There's also something very uncanny when a sliver of a moon is out first thing in the morning.  The moon seems to like to dress up as the sun every once in awhile, because they are really so close, and they are really so opposite, that disguises make the days and nights a little bit more complex.  On this particular morning, however, the moon is already as complex as the sun wants to be.  She's dressing like him, and he might dress like her as the day progresses.  When the morning starts with the sun and moon switching places, there's room for an infinite variation on the usual themes, and this is close to god.


Divinity seems to run in difference, it seems to find its expression in variation, and finds its home in between one thing and another, or rather both and neither all at once.  That might be why it's so striking to be hiding from a sky that is immanently colored with moon, sun, and storm, to be inside the cafe when the lights are still dark.  It's too early in the morning, and he doesn't know why he got here, or why there are three men giving him things to eat and drink, as if he needed to be taken care of after something large and important.

He remembers the things that happened, but not exactly the whys, but there are suspicions.
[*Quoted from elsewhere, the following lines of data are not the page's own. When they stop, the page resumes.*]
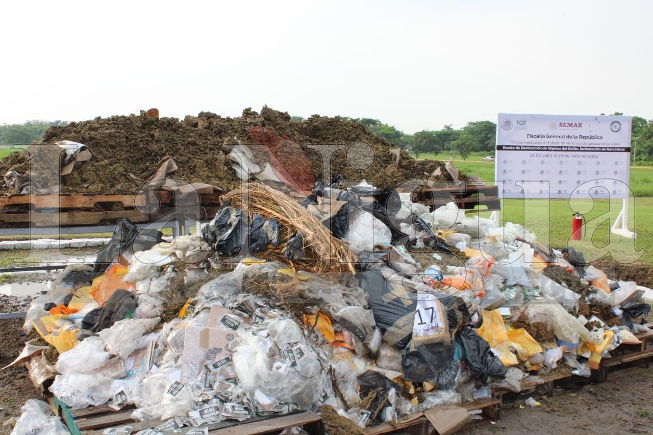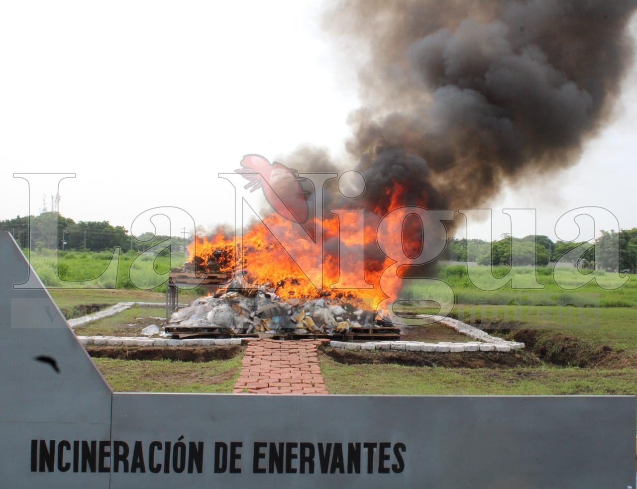Lo incinerado incluyó una tonelada ocho kilos 62 gramos 20 miligramos de marihuana, 16 kilos 643 gramos 800 miligramos de cocaína, cinco kilos 301 gramos 507 miligramos de metanfetamina, mil 363 pastillas psicotrópicas, 100 miligramos de Heroína, 21 gramos 500 miligramos de Psicotrópicos, tres kilos 980 gramos 900 miligramos de Codeína, 398 gramos de Etilfenilacetato, un litro 35 mililitros de cocaína, un kilo 512 gramos 779 miligramos de sustancia negativa y 86 objetos del delito.
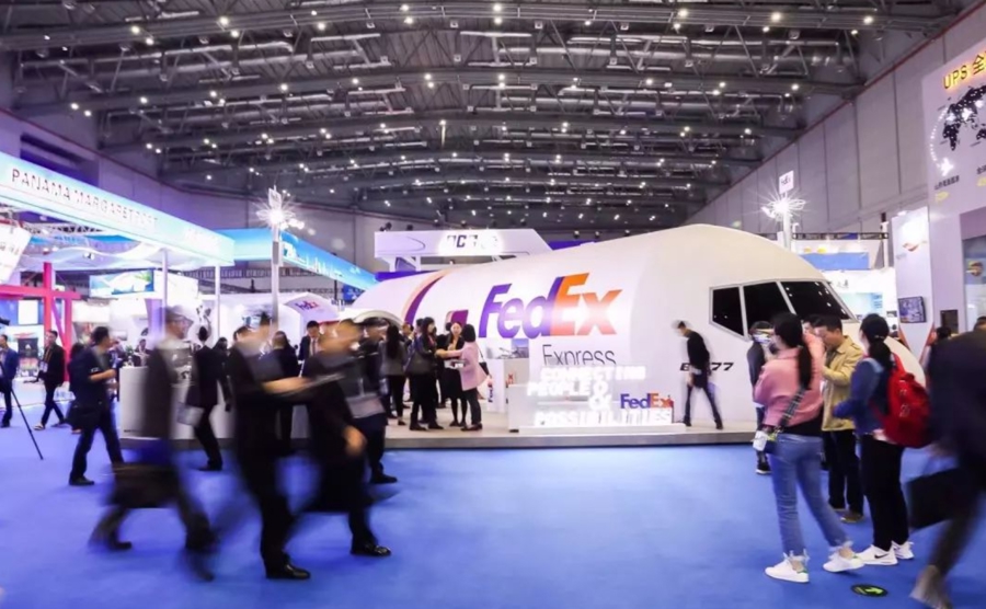 首届进博会,联邦快递将展台设计成停机坪,一架FedEx777货机模型,帮助人们沉浸式体验联邦快递支持中国进口贸易的物流解决方案与技术;
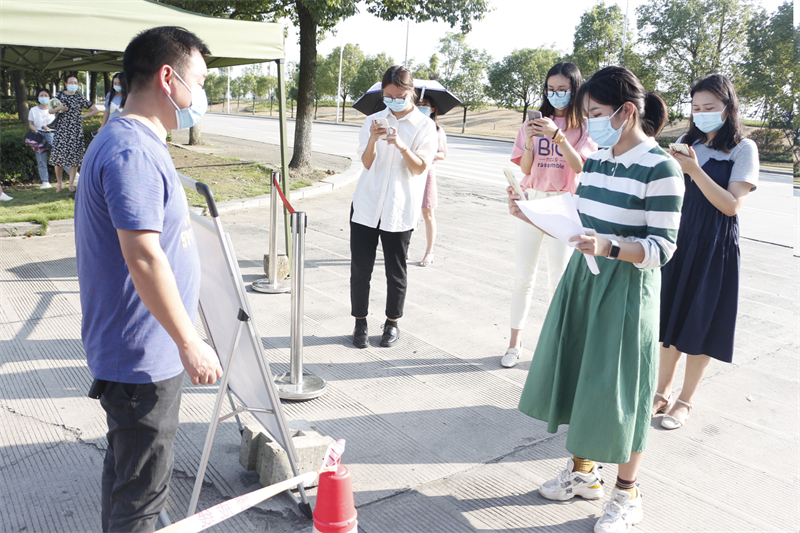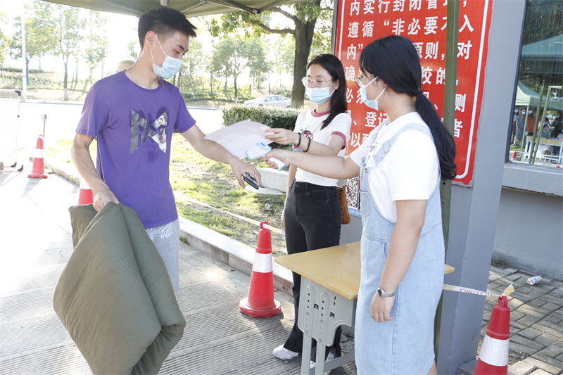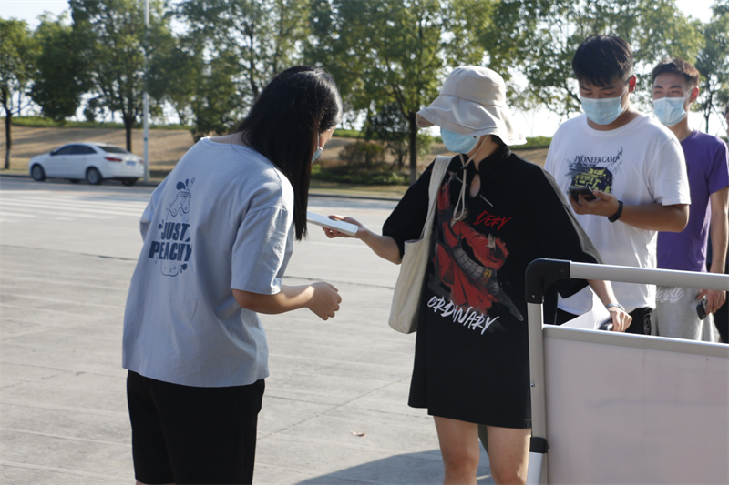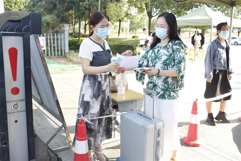 扫码测温——核查健康码、行程码与14日健康监测表后再带领新生进入学校

The night before, he and she, or she and he, or various combinations of them, were sitting on a pink mattress.  She was thinking about screaming when he was talking about speaking, and this moved into something else, a comfortable dangerous place of storms.  He spoke over her while saliva dripped onto her body, and she waited for a chance to hold her breath to keep the screams inside, and saliva dripped from her mouth to the mattress, the way things drip when artists bite the egg of the world.  By the time the sunlight came in to paint her face, the mattress was covered with moisture.  Like a large pink cake that held them, the way that some cakes can hold people.

That was the moment when her body started to shift, it could have been a trick of the sun, or maybe it was the moon, they are tricky these days, and the water and air in her cells became solid matter.  He wondered if this was connected to the screaming, to the need to scream, to the idea that iterations could lead to existence, could make matter.  Loud iterations make matter sing and enter into the world, as if the tongue could cut its way through the veil into something that mattered.

He drinks an espresso without milk, and bread without butter, and he is thinking that there's nothing terribly important missing here, and no ingredient that can't be added later.  These three men were not called to him, he was called to them, and in the half light of the cafe, they talk about the most important births in the 1990s, and he can think of one that strikes him as exceptional, or at least more profound than he may have suspected.  

"You have icing running up and down your chin," says the man who pours the coffee.

This strikes him as slightly pornographic, not the fact of the icing, but the speaking, as if there were some things that are too deep to be spoken out loud.  At least not yet, not at this time of day, when things are deciding that they won't be what they seem, but deeper.  The pink icing does come as a surprise, it always does, it always speaks of something between birth and death, but neither and both all at once.  

He's thinking about the way her body could change, sometimes as thoroughly as her faces, and wonders what might be happening to him.  There are words for this, he's remembering times when his heart was changing from a bird to a snake before, and the words are all terribly problematic.  This problem causes furrows of concern, and the more he enters into his own shell, the more concerned he feels, and it does seem to resemble something very close to the beginning of a deep love for another human being, if not exactly that exactly.